The first stage of docking involves the generation of poses to reflect the position, orientation and conformation of a given molecule docked to the target, with current algorithms having good predictive power. These poses are then scored based upon a prediction of how tightly the ligand interacts with and is bound to the target. These scoring functions have been developed around force-fields and energy-based approaches (712), knowledge-based (13,14) and empirical approaches (15), however it is widely recognized that the inaccuracies of current scoring functions are a major hurdle to achieving reliability in docking (1618). This might be, among other factors, due to certain simplifications and assumptions while designing a scoring function, usually guided by the necessity of reducing computational load, which means that certain physical processes and aspects that are relevant for understanding small-molecule binding are not simulated, introducing some of this inaccuracy. Novel approaches for predicting protein–compound affinities in a effective and scalable way are, therefore, of great need.
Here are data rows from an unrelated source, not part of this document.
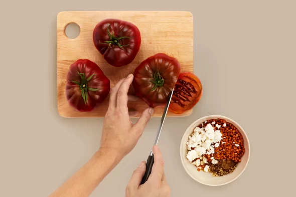 Pour les adeptes de saveurs méditerranéennes, cette recette de tomates noires avec salsa de lentilles fera des heureux. Mariant feta, épices zaatar, miel et coriandre fraîche, c’est un véritable voyage gustatif du pourtour de la Méditerranée à savourer en accompagnement ou en entrée. Les lentilles ajoutent une bonne dose de protéine aux nutriments naturellement présents dans la tomate pour un plat aussi succulent que bon pour la santé.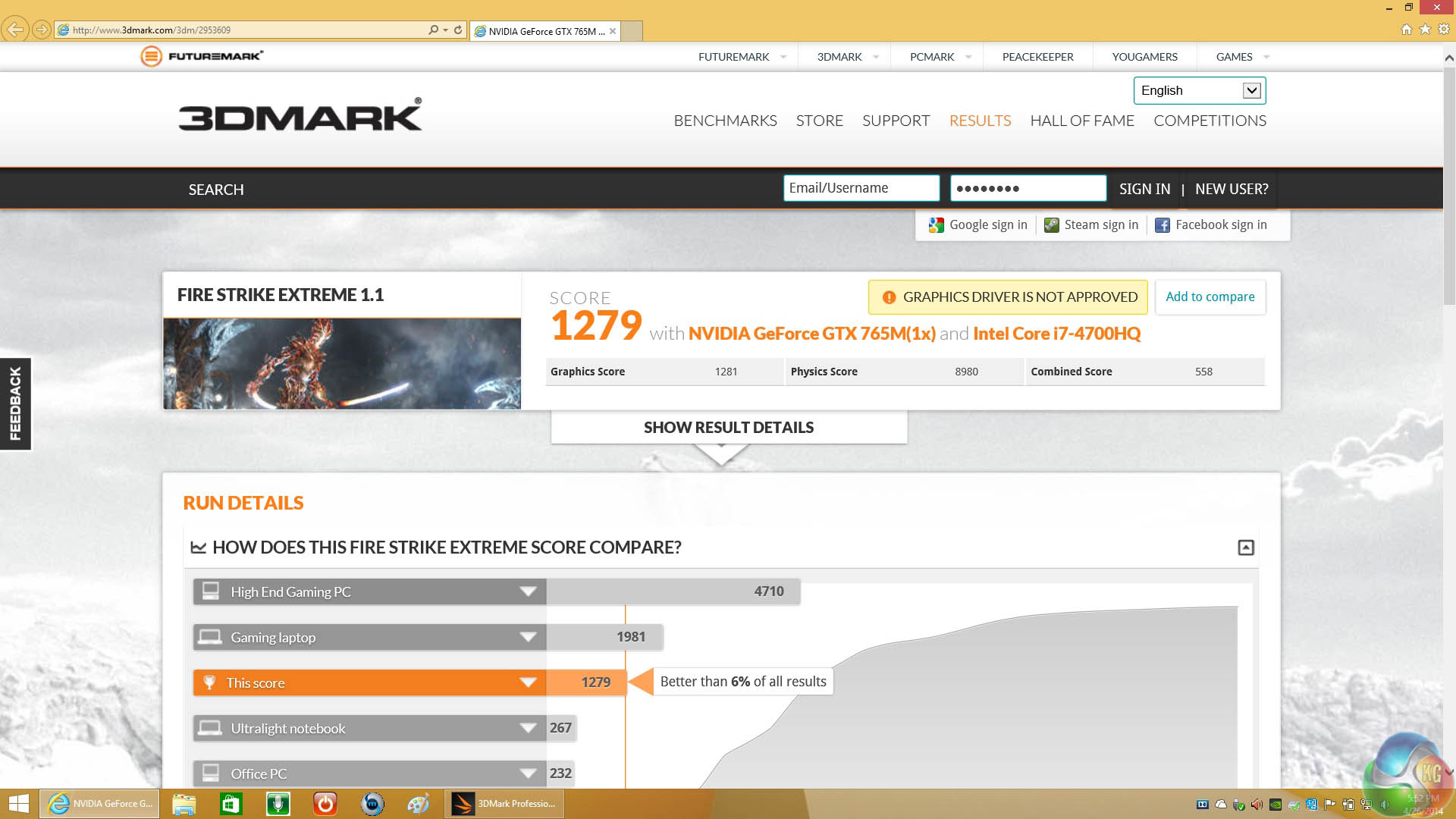 3D MARK showed the Gigabyte had slightly higher performance than the DinoPC Pegasus. This is what I expected to see as both laptops use the same Nvidia GTX 765M yet the Gigabyte has more recent drivers and a core i7 CPU rather than Core i5 which helps the Physics score along.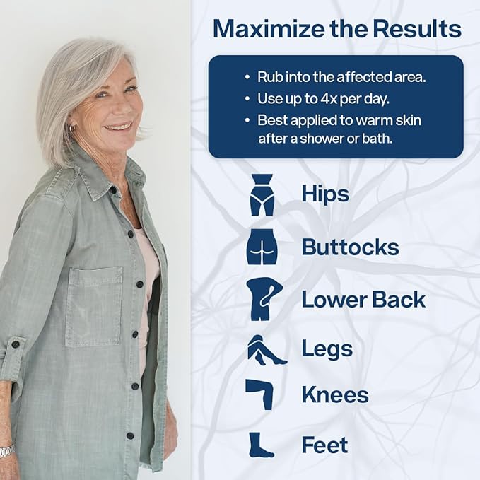 - Fast Absorbing: Packed with powerful and nourishing compounds, SciatiFlex is the perfect sciatic nerve cream you can massage on your back, hips, legs, joints, and sore muscles. Just rub a pea-sized cream into the skin 2-4x a day as needed.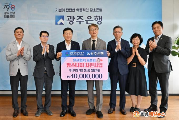 ±¤ÁÖ±¤¿ª½Ã ¼±¸(±¸Ã»Àå ±èÀ̰)´Â 23ÀÏ ±¤ÁÖÀºÇà(ÀºÇàÀå °íº´ÀÏ)À¸·ÎºÎÅÍ ¿©¼º û¼Ò³âµéÀ» À§ÇÑ ¸¾½ºÅÍÄ¡ »ç¾÷ºñ 4000¸¸¿øÀ» ±âŹ¹Þ¾Ò´Ù. ¼±¸´Â ÀÌ ÈÄ¿ø±ÝÀ» ÀÌÈ¥, »çº° µî °¡Á¤È¯°æÀ¸·Î ¾ö¸¶°¡ ºÎÀçÁßÀÎ ¿©¼º û¼Ò³âÀ» À§ÇØ »ç¿ëÇÒ ¿¹Á¤ÀÌ´Ù. ¼±¸Áö¿ª»çȸº¸ÀåÇùÀÇü ¾Æµ¿‧û¼Ò³â ºÐ°ú ¿©¼ºÀ§¿øµéÀÌ ÂøÇѸ¾(MOM) ¸àÅä·Î ³ª¼ ¿©¼º û¼Ò³âµéÀÇ ¼Ó¿Ê°ú ÈÀåǰ ±¸ÀÔ µîÀ» µ½°í, °¡Á· ¿Ü½Ä, ¿µÈ°ü¶÷, ¹®ÈüÇè µî ½É¸®Àû ¾ÈÁ¤µµ Áö¿øÇÒ °èȹÀÌ´Ù.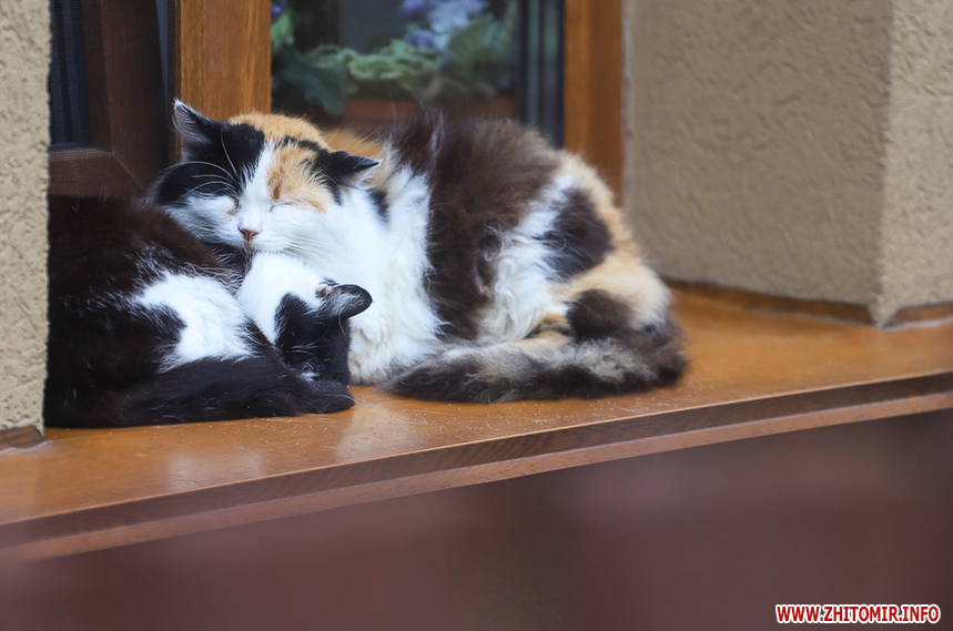 Міські тварини поховалися у сухі та затишні куточки - так, на підвіконнях будинків під прихистком сплять коти, не зважаючи на дощ та холод.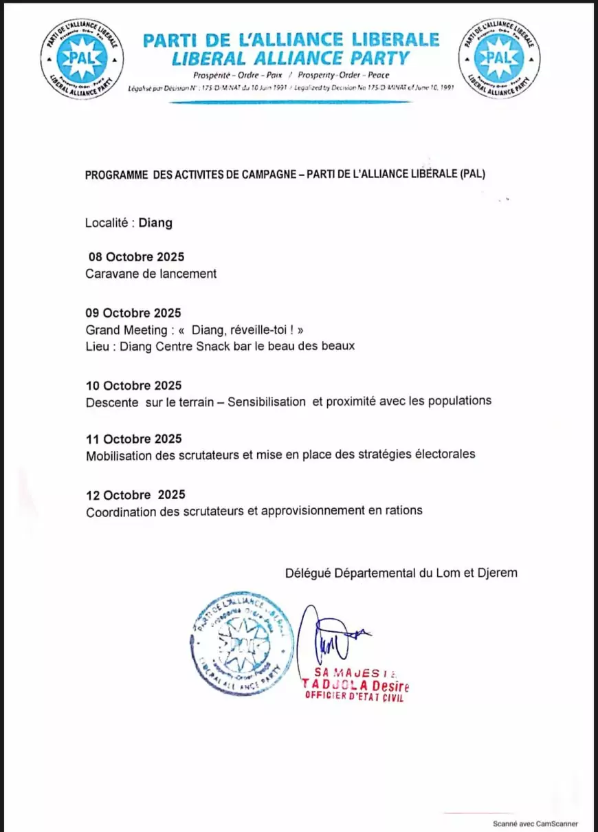 Meetings des candidats alliés à l'UNDP de BELLO BOUNA MAÏGARI dans les localités d'Abong-Mbang dans le Haut-Nyong et Diang dans le Lom et Djerem les respectivement les 7,8 et 9 octobre 2025 prochains.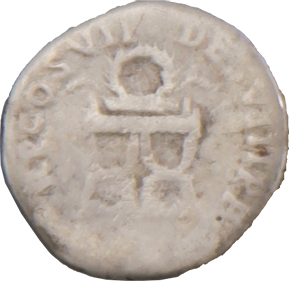 Revers: coroană de lauri pe un scaun curul, titulatură COS VII DES VIII P P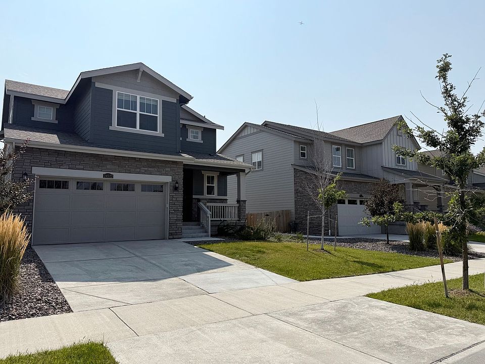 Beautiful Waterstone Community Welcomes you! Luxury New Home with Modern and Sleek New Finishes in the Heart of Aurora! Minutes to E470, DIA, I-70 and Southland Mall. Immaculate Lennar 2-Story Home completed in April 2023. This Lennar Pioneer Collection, Evans Model Features 3 Spacious bedrooms, Large Loft, a Generous Primary Bathroom, Full Hallway Bathroom and Main Level Half Bath! This Spacious Home Boasts a Versatile Main-Floor Layout with an Abundance of Flexible Living and Entertaining Space, including a Tech Space off of the Kitchen. Enjoy Sunrises from your East Facing Covered Front Porch. Soak in the Peace and Serenity of the Endless Open Space Greenbelt with Mature Trees and Gorgeous Landscape from your Front Porch. As you Enter the Home just Beyond the Foyer, the Combined Dining and Living Spaces are open from the Well-Appointed Chef's Kitchen, Featuring a Walk-in Pantry and Large Center Island with Counter Seating. The Kitchen is a Chef's Dream, Featuring Ample Cabinetry, Quartz Countertops and all New High-End Stainless Steel Appliances, including a Gas Stove! The Luxury Vinyl Plank Flooring throughout the Main Level adds Comfortable Elegance to the home. Additional Main-Floor Highlights include a Comfortable Great Room with Large Windows to Brighten the Space, a Main Level Powder Room and Mud Room off the Garage. Upstairs, you will find two gracious secondary bedrooms, with Full Hallway Bathroom, an Expansive Loft, and Conveniently located Large Upper Level Laundry Room with Brand New Washer and Dryer and Linen Closet. Relax in your Lavish Primary Suite, Showcasing a Private en Suite Bath with Separate Dual Vanities, Expansive Glass Shower and Roomy Walk-in Closet. Attached 2 Car Garage. Equipped with 240v outlet in garage for EV charging!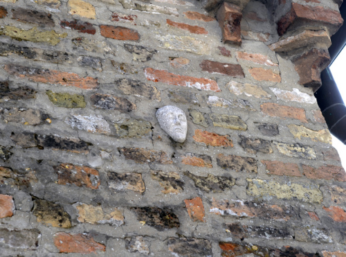 La condizione frammentaria del pezzo e la sua scarsa visibilità non consentono di assegnare la testa a una cronologia precisa. La collocazione del pezzo impedisce anche di rilevarne le misure.
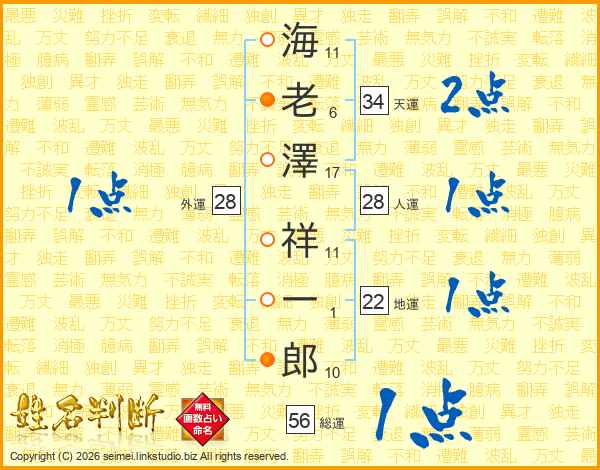 海(11画)老(6画)澤(17画) 祥(11画)一(1画)郎(10画)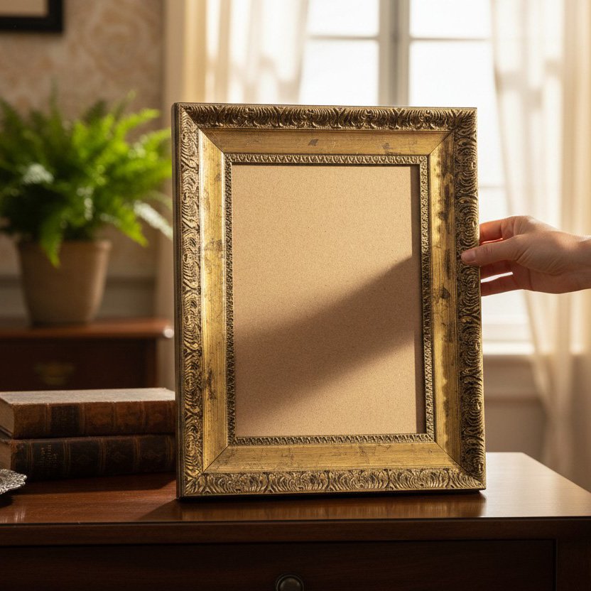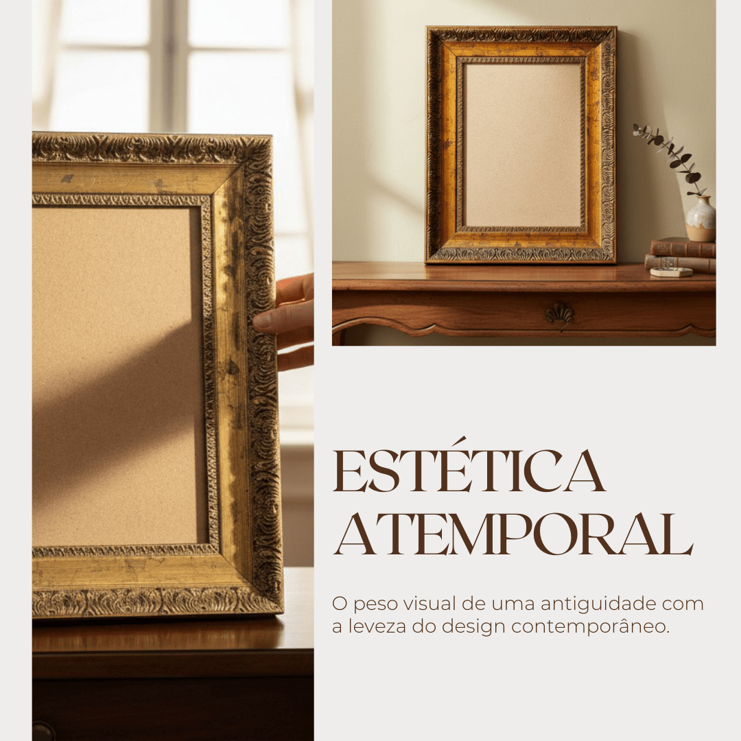 Ela cria um efeito visual que valoriza ainda mais a imagem ou obra exibida. O grande diferencial dessa moldura está em seus detalhes gravados e ornamentais, que remetem ao trabalho artesanal das molduras clássicas.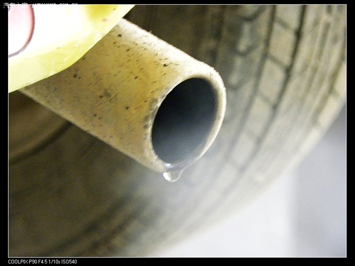 好了,大功告成,启动发动机!快11万公里的K12了,排气口还有水滴,燃烧情况很好: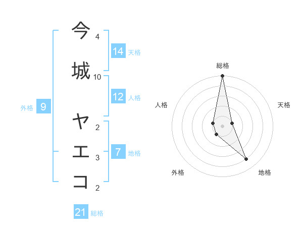 今城 ヤエコさんを姓名の画数から五運を鑑定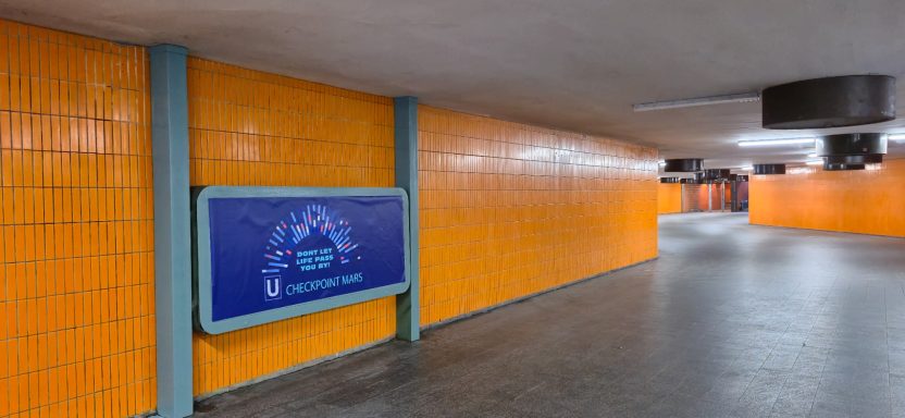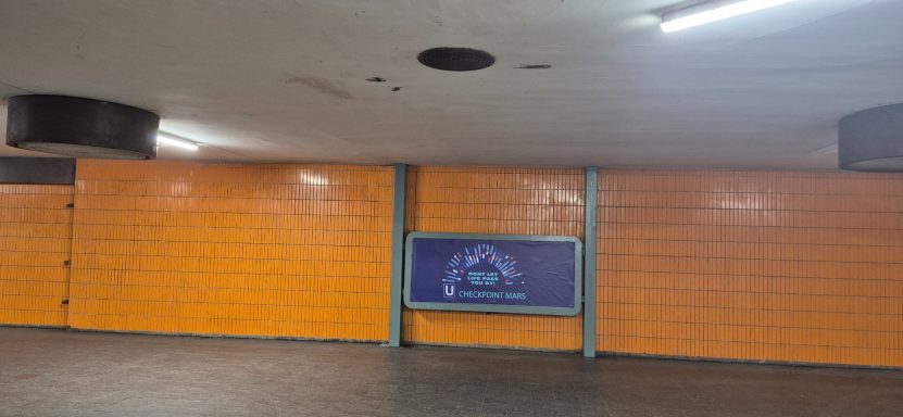 U-Bhf Checkpoint Mars: Vielleicht ein zukünftiges Verkehrsprojekt für Auswanderer, die sich im neuen ICC dann bewerben zur Ausreise zum Mars, weil sie in Berlin keine Perspektive mehr sehen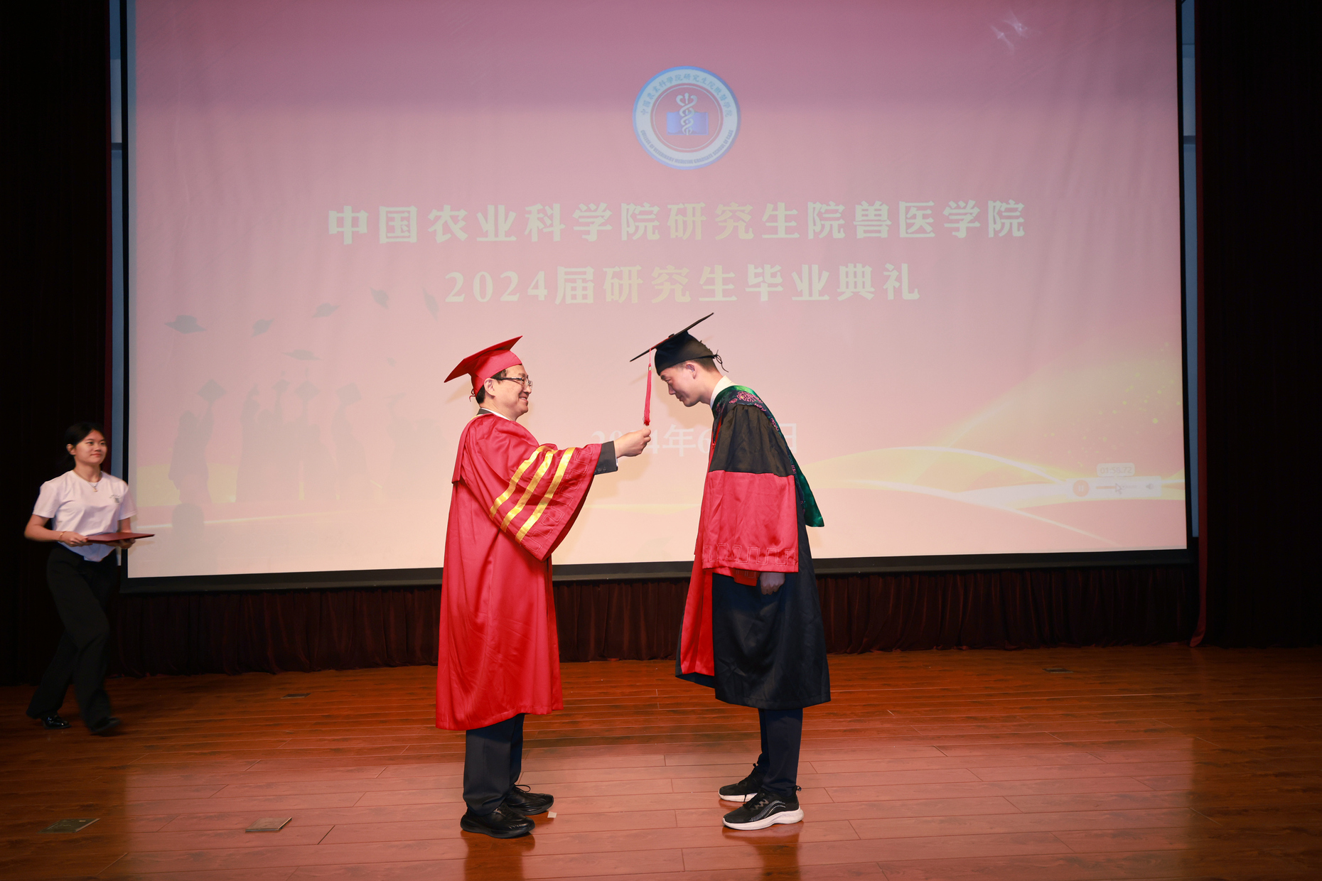 6月6日,中國農業(yè)科學院研究生院獸醫(yī)學院2024屆研究生畢業(yè)典禮在哈爾濱獸醫(yī)研究所綜合樓1058報告廳舉行。研究生院書記姜梅林,獸醫(yī)學院院長、哈獸研所長步志高,副所長孫百明,紀委書記周亮,副所長王曉鈞,副所長李呈軍,黨委委員、黨辦主任張曉鵬,黑龍江北大荒牧業(yè)集團有限公司董事長王玉起、副總經理金勝柱,廣東溫氏大華農生物科技有限公司副總裁康孟佼,北京金諾百泰生物技術公司經理劉鶴,哈爾濱東方基因生物制品有限公司總經理朱美子以及研究所職能部門負責人和創(chuàng)新團隊首席、班主任、導師、研究生300余人參加。畢業(yè)典禮由獸醫(yī)學院常務副院長劉益民主持。

We have successfully used a class of graph-based signatures, called cutoff scanning matrix (CSM), to represent the three-dimensional (3D) environment of proteins and small ligands (19,20). These have been used successfully as evidence to train accurate predictors of protein function and structural classification (20), receptor-based ligand prediction (21), the effects of mutation on stability and binding to proteins, nucleic acids and ligands (22) and the pharmacokinetic properties of small molecules (23).

We show here that the CSM signatures can be used successfully to accurately predict the binding affinity of small molecules to proteins. By comparing its performance, we show that CSM-Lig performs as well as or better than several other widely used methods and scoring functions, and is efficient, facilitating its use as a part of large scale approaches. We also provide a freely accessible and user-friendly web interface in http://structure.bioc.cam.ac.uk/csm_lig.

MATERIALS AND METHODS

Graph-based structural signatures

The CSM algorithm defines a class of graph-based signatures by modeling proteins/small molecule recognition as graphs where atoms are seen as nodes and their interactions as edges, and extracting distance patterns between its components.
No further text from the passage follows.